Depending on its context, the music of the Eternals is either a blessing or bane for music critics. The band’s sound is practically tailor-made for accolades. It is fresh, skillful, interesting, complex, unique, and, as critics love to say, it “rewards repeated listens”. Ironically, these qualities are not always positive for reviewers. Writing about an album usually requires classifying it, and the work of the Eternals defies such an endeavor. Even repeated listens will fail to yield adjectives that capture the essence of the band’s sound. The Chicago-based musicians described their own music with the title of their 2004 album, The Rawar Sound. On their latest album, they chose a simpler title, but one that is no less fitting for the group’s sound. Heavy International is ponderous, eclectic, and not to be missed by fans of experimental music.
Most critics describe an album by comparing it to other well-known music. The problem with Heavy International is that it is both overwhelmingly eclectic and completely original. The album’s mix of funk, dub, punk, ska, jazz, techno, and experimental rock brings a host of bands to mind. Heavy International might draw comparisons with everyone from Gang of Four and Talking Heads to Lee “Scratch” Perry and Ui; however, the Eternals don’t really sound like any other musicians. Attempting to find adequate comparisons for Heavy International is as futile as searching for a needle in a haystack and naming every piece of straw you encounter along the way.
Heavy International kicks off with “The Mix Is So Bizarre”, a song which encapsulates the entire album. The title could be a spoken reaction of an average person listening to the album. Behind the music’s apparent weirdness, however, is real craftsmanship and musical skill. The band establishes its modus operandi at the beginning of the first track when a bouncing bassline begins and a tight, funk horn lick soon joins it. Throughout the album, there is interplay between the loose repetition of the danceable bassline and the overlying rhythmic complexity of the other instruments. The first track also demonstrates vocalist Damon Locks’s unique lyrical style. At times, his words seem almost arbitrarily chosen, yet they demonstrate a keen sense of assonance and internal rhyme that make them more musical. Oftentimes, the lyrics seem like just another piece of the larger sonic fabric.

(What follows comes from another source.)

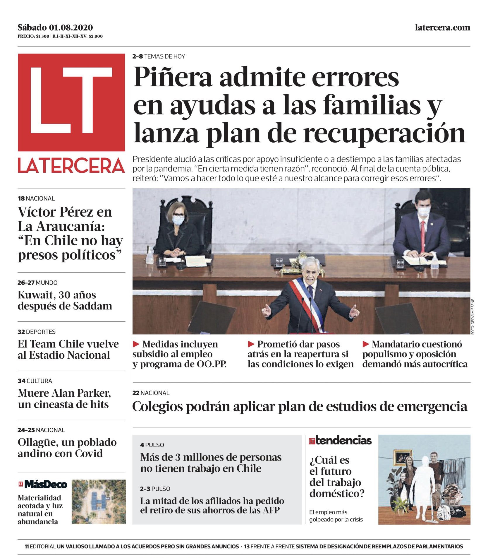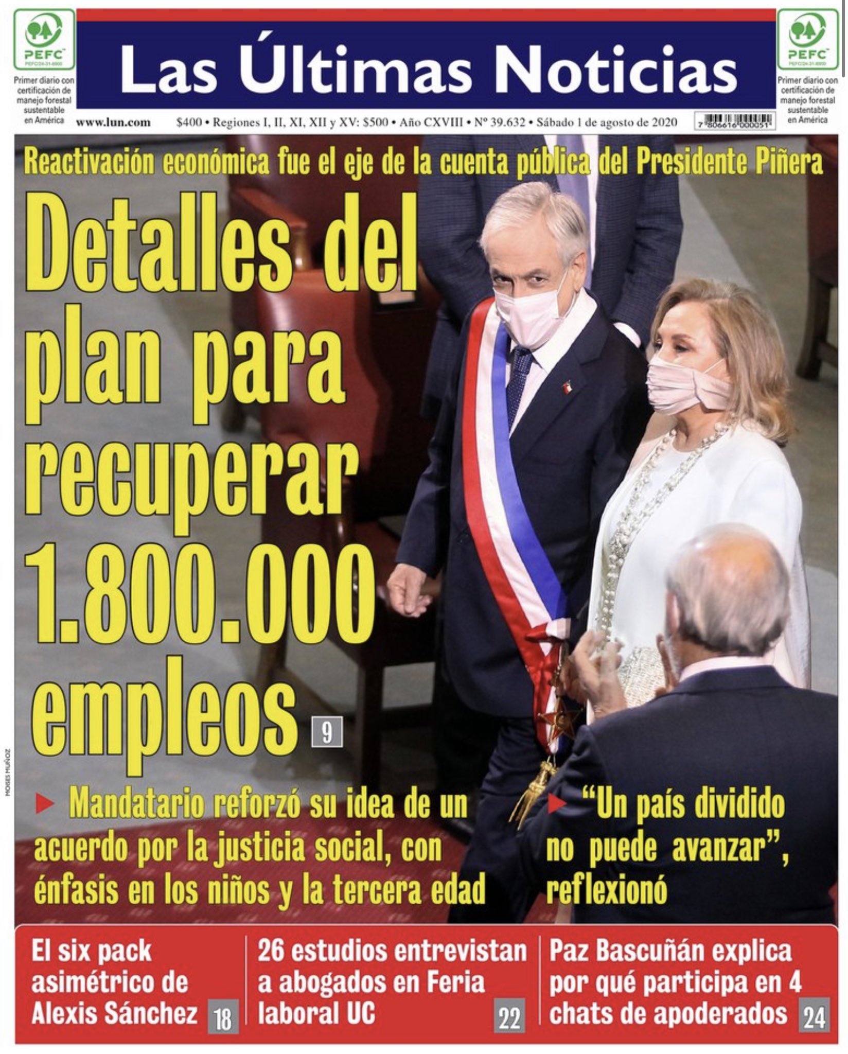 Las Últimas Noticias en tanto, con sus clásicas letras amarillas destacó el plan de recuperación anunciado por Piñera, que pretende rescatar 1,8 millones de empleos.

Heavy International does not lend itself well to a review focused on highlights. Each track is a unique listening experience that could support several written pages of commentary. Nevertheless, a handful of tracks do stand out as being particularly interesting. “Patch of Blue” is a percussion-driven track with harsh electronic samples and off-key falsetto harmonies. “Beware the Swordbat”, with its dub bassline, perky horns, and female backup singers who could either be singing backup for a Latin pop tune or a Bollywood soundtrack, is a tropical club hit filtered through a nightmare. “Crime” will bore its way into listeners’ heads with an elaborate bassline, spacy samples, lazy psychedelic vocal melodies, and acrobatic lyrical turns. “Too Many People (Do the Wrong Thing)” has a delicious jazzy vibe part that moves in serpentine counterpoint to the bobbing bass.
Ironically, the aspect of Heavy International that will make it impossible for mainstream listeners to swallow is what makes it most successful. The album serves no other purpose but its own musical ends. It is neither catchy nor singable, and even though it uses dance styles, it is unlikely to infiltrate a club playlist. It’s not even, as some experimental soundscapes can be, good background music. Heavy International is music that only yields its musical treasures to attentive listeners. These people will be astonished at the skill of the Eternals, who subtly manipulate the rhythmic texture of each piece to create satisfying development. They will also be impressed with the way the group creates an improvisational feel within a context of careful arrangement. The album will alienate the impatient and confound those who refuse to encounter the music on its own terms. In other words, Heavy International is a work of art.
Some critics might call Heavy International futuristic, but the reality is that the album fits well into an established tradition of experimental music. The Eternals’ latest release hearkens back to a time when a trip to the studio was a time to explore the limits of recording technology, pay homage to the sounds of the past, and create an enduring artistic statement. Whether or not Heavy International is a truly great album is, of course, a matter for future generations to decide. All today’s listeners can do is seek out the album, tell their friends, listen with open ears, and help the music survive until a final judgment can be made.